Dimensionality and Rasch model analysis

The dimensionality analysis confirmed that the dataset aligned with the assumptions of the Rasch model. The raw variance explained by the measures was 38.9%, while the essential unidimensionality calculated as the proportion of Rasch-common variance, reached 76.5%. These values exceed the commonly accepted thresholds of 20% for unidimensionality and 50% for essential unidimensionality, supporting the interpretation that the observed response patterns primarily reflect a single latent trait as psychiatric clinical knowledge.

The Rasch model parameters for chatbots were presented in Table 3. ChatGPT-o1-preview achieved the highest performance among all models, with a JMLE ability score of 2.23, substantially surpassing the passing threshold (JMLE = 0.44, p < .001). Its infit (MNSQ = 1.08, ZSTD = 0.54) and outfit (MNSQ = 0.97, ZSTD = 0.07) statistics were within the acceptable range of 0.5–1.5 and ±1.96, respectively, indicating strong consistency with the Rasch model’s expectations. The chatbot’s responses demonstrated both reliability and validity in assessing psychiatric clinical knowledge.

Performance and reasoning of ChatGPT-o1-preview

The person–item map (PKMAP) for ChatGPT-o1-preview (Fig 1) visually represents its performance across questions of varying difficulty levels. In the PKMAP, the vertical axis represents the difficulty of questions in logits, with more difficult items located higher on the map, while the horizontal axis separates correct responses (on the left) from incorrect responses (on the right). The upper-left quadrant (e.g., Items 52, 54, 79, and 140) of the map highlights areas where ChatGPT-o1-preview demonstrated strong capabilities, successfully answering challenging questions. Conversely, the lower-right quadrant (e.g., Items 27, 36, 42, 43, 77, 92, 106, 117, 131, and 146) indicates areas where the chatbot struggled, with incorrect answers to relatively easier questions. This distribution provides a clear visualization of the chatbot’s strengths and weaknesses in its performance on the questions.

thumbnail
Fig 1. The person–item map (PKMAP) of ChatGPT-o1-preview.
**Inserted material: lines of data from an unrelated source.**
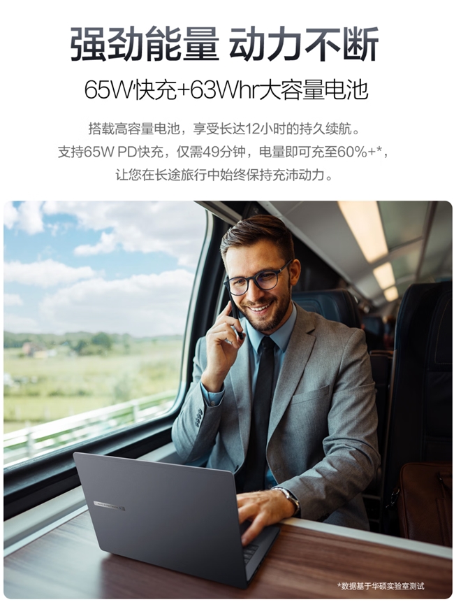 续航能力是差旅办公的重要考量因素。63Whrs大容量电池配合高能效处理器设计,让华硕破晓6S幻金版能为客户提供至高12小时的续航表现,足以应对用户长途飞行或整日会议的使用需求。支持65W快充技术,49分钟即可充至60%的电量,让用户在航班中转的碎片时间得到充分利用,确保设备随时保持工作状态。
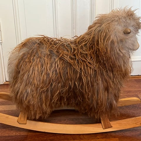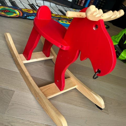 En «gyngesau» laget av tre med ekte saueskinn over. Den fungerer som en gyngestol for små barn, men brukes også som dekorasjon i hjemmet. De er kjent for å være solide og har en unik, håndlaget kvalitet. Nypris 6595 kr.
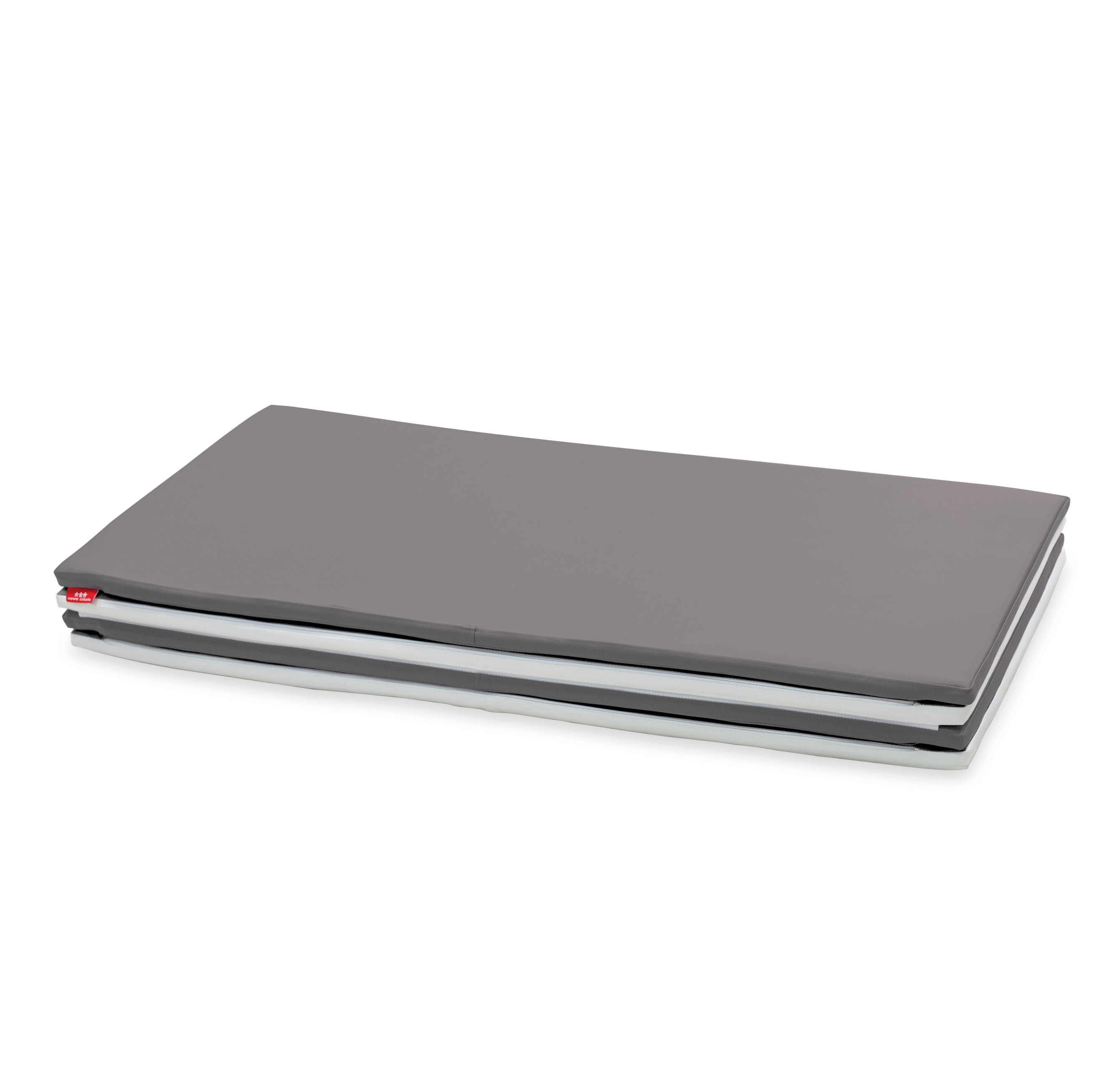 Materassino di forma rettangolare e di colore bianco e grigio. Realizzato in PVC privo di ftalati facile da lavare, pulire e disinfettare. Il prodotto è riempito al suo interno con poliuretano espanso con densità aumentata.

It illustrated the relationship between the chatbot’s ability and the difficulty of the test items. The vertical axis, measured in logits, represents the difficulty level of the questions.
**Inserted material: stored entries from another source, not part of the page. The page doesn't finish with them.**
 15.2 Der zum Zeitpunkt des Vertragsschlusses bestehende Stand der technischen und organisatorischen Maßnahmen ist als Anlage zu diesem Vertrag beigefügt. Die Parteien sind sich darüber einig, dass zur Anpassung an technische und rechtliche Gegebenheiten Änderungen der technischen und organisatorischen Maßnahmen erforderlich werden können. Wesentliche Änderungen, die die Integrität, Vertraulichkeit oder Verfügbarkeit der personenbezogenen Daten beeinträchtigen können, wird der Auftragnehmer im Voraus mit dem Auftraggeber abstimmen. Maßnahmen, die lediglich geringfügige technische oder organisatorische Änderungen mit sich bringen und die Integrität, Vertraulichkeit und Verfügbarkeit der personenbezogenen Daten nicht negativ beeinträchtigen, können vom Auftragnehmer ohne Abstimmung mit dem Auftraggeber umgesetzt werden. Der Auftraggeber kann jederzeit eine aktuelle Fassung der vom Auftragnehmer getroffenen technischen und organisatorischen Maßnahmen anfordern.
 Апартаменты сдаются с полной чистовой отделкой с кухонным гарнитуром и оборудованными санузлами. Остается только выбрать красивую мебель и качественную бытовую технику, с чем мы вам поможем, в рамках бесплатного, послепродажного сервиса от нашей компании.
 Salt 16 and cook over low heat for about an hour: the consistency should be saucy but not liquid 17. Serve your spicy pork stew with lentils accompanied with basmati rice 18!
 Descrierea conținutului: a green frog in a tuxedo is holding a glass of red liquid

https://doi.org/10.1371/journal.pone.0330303.g001

A detailed analysis of the chatbot’s answering process (Table 4, Table 5) revealed key strengths and weaknesses of its reasoning. ChatGPT-o1-preview excelled in areas such as diagnostic reasoning and broader therapeutic concepts (e.g., recognizing paraphilic disorders and treatment paradigms for schizophrenia), and pharmacological principles (e.g., drug mechanisms, indications, and side effects). However, it exhibited notable limitations in recalling specific factual details (e.g., remission timelines for transvestic disorder, concordance rates for generalized anxiety disorder in twin studies, or diagnostic definitions of negative symptoms). Additionally, biases in reasoning were observed, such as overemphasizing lithium’s efficacy in depression augmentation therapy while underestimating the role of antipsychotics or dismissing hypnosis as a therapeutic option. The chatbot also demonstrated its capacity for self-correction. In several cases (e.g., Items 27, 42, 77, 131, and 145), it revised its initial incorrect answers upon re-evaluation, ultimately producing accurate solutions.

thumbnail
Table 4. Strengths analysis of ChatGPT-o1-preview’s answering process.

https://doi.org/10.1371/journal.pone.0330303.t004

thumbnail
Table 5. Weaknesses analysis of ChatGPT-o1-preview’s answering process.
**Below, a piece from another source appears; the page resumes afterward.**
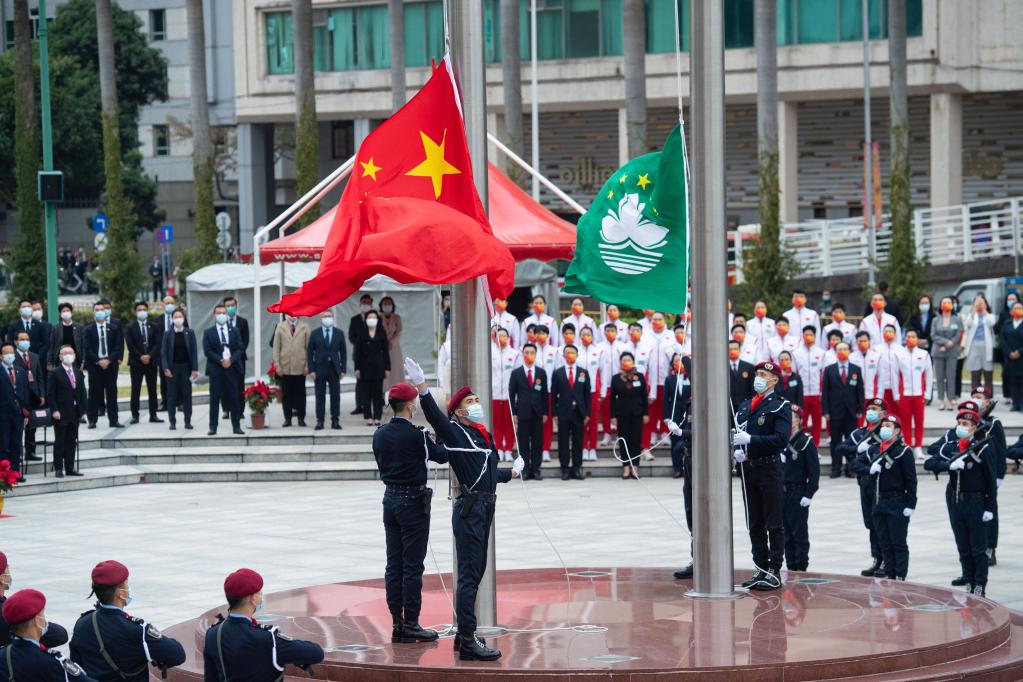 12月20日,澳門(mén)特區政府在金蓮花廣場(chǎng)舉行升旗儀式,慶祝澳門(mén)回歸祖國22周年。新華社記者 張金加 攝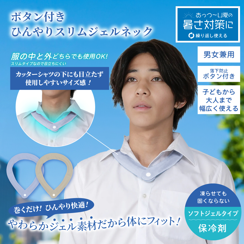 ボタン付きスリムジェルネック

https://doi.org/10.1371/journal.pone.0330303.t005

The symbol “XXX” indicates the chatbot’s estimated ability, and each item on the map represents a specific question number from the exam, accompanied by either a “1” for correct responses or a “0” for incorrect ones. A “1” indicates a correct response and is displayed on the left side of the map, while a “0” signifies an incorrect response and is placed on the right side. The vertical positioning of each item reflects its difficulty.

Discussion

To our knowledge, this study is the first to apply Rasch analysis to evaluate chatbots’ clinical knowledge and reasoning in psychiatry using expert-designed multiple-choice questions. Rasch model may simplify certain aspects of clinical reasoning complexity, it provides a robust framework for quantifying chatbot performance and identifying specific strengths and weaknesses. A fundamental understanding of chatbots’ internal knowledge and reasoning is essential for advancing their clinical applications and scalability. Among the 27 chatbots assessed, ChatGPT-o1-preview emerged as the top-performing model, achieving a correct response rate of 80.6% and a JMLE ability estimate of 2.23. According to the Rasch model, this indicates that ChatGPT-o1-preview would achieve a correct response rate of 85.6%. This performance not only surpassed the passing threshold by a significant margin but also placed its score well within the range of successful human candidates seeking board certification. The strengths of ChatGPT-o1-preview were particularly evident in its understanding of high-level diagnostic, therapeutic, and pharmacological concepts. For instance, the model showcased advanced reasoning in areas such as schizophrenia management across various stages, diagnostic clarity in paraphilic disorders, and a thorough understanding of psychopharmacology, including drug mechanisms, indications, and side effects. Moreover, ChatGPT-o1-preview exhibited a strong ability to self-correct during re-evaluation.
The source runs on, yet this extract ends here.